The world is currently transitioning to an endurable energy economy in the hopes of dealing with the current energy and climate crisis, and concentrated solar power (CSP) plants are becoming a significant player in this field.

New Cooling Method for Concentrated Solar Power Plants Saves Water by Using Radiative Cooling Systems.
To reduce water usage for cooling concentrated solar panels (CSP), scientists have developed a supplemental cooling technique for wet cooled CSPs that combines the radiation cooling method with cold storage. Image Credit: coniferconifer.

CSP plants tend to utilize mirrors or lenses spread throughout an immense region to concentrate sunlight onto the receiver of solar panels, transforming solar power into electrical power via turbines or steam engines. However, steam engines need to be cooled off evenly to maintain their high-power conversion efficiency.

Normally, steam engine power plants utilize the water-intensive wet cooling technique to disperse the waste heat that has been generated. But such processes have the ability to lose huge amounts of water as a result of the evaporation and, thus demand a constant water supply.

This poses a severe threat as the majority of the CSP plants are set up in hot and dry regions with restricted water resources.

In a recent study reported, a research group headed by Professor Ronggui Yang from Huazhong University of Science and Technology, China has discovered a method to make the cooling process less intensive.

The study was reported in the journal Energy Storage and Saving on February 25th, 2022.

A cooling method was developed by the researchers that integrated radiative cooling with cold storage. When used along with wet cooling, the amount of water used per year has been shown to decrease.
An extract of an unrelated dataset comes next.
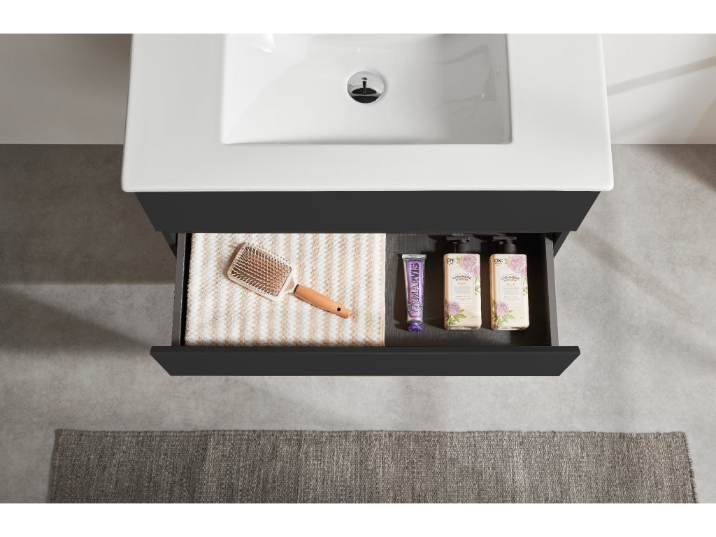 Szafka przeznaczona jest do montażu na ścianie i wyposażona w regulowane okucia, znajdujące się na korpusie szafki pod górnym fryzem, umożliwiające regulację wysokości i płaszczyzny. W szufladzie znajduje się zakryte wycięcie do montażu syfonu umywalkowego.

Harsh environments, along with growing water demands in other sectors such as agriculture, industry, and domestic uses, severely competes with power plants for water resources. As a result, we wanted to develop a technique that would make wet cooling of power plants less water-intensive and still maintain the desired thermal efficiency.

Ronggui Yang, Professor, Huazhong University of Science and Technology

The auxiliary cooling method developed by the team integrated the best of both dry and wet cooling. Radiative cooling with cold storage is a dry cooling technique involving coolers created of highly solar reflective material with the ability to direct heat dissipation at selective infrared wavelengths into deep space in the lack of absorption in the environment.
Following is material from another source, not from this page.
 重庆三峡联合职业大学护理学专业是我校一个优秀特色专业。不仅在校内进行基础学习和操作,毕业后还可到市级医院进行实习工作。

A radiative cooling system was added by the researchers to the evaporating cooling tower of a reference CSP plant alike the Mojave Solar Project in the United States.

To analyze the potential of the designed system, they made computer models to monitor the water-saving ability of daytime-only as well as day-night radiative cooling systems. The researchers examined the cooling and water-saving potential in over 3000 locations under various weather conditions in the country.

The outcomes displayed that the yearly consumption of water could decrease by 40 to 60% in the hot southwestern region of the United States by accepting daytime-only radiative cooling. But if the radiative systems together with cold storage could function day and night, the yearly water-saving potential could be as high as 65 to 85%.

The suggested technique offers an effective approach to retaining the thermal efficiency of wet-cooled CSP plants with decreased water consumption. In this study, the knowledge gained could be beneficial for developing sophisticated round-the-clock cooling systems for CSP plants.

The global water consumption by the power generation sector is expected to double within the next four decades. Our supplemental cooling system design can help tackle the increasing water demand for power plants located in water-stressed regions amid deserts and arid regions.

Ronggui Yang, Professor, Huazhong University of Science and Technology

Journal Reference:

Aili, A., et al. (2022) Radiative Cooling and Cold Storage for Concentrated Solar Power Plants. Energy Storage and Saving.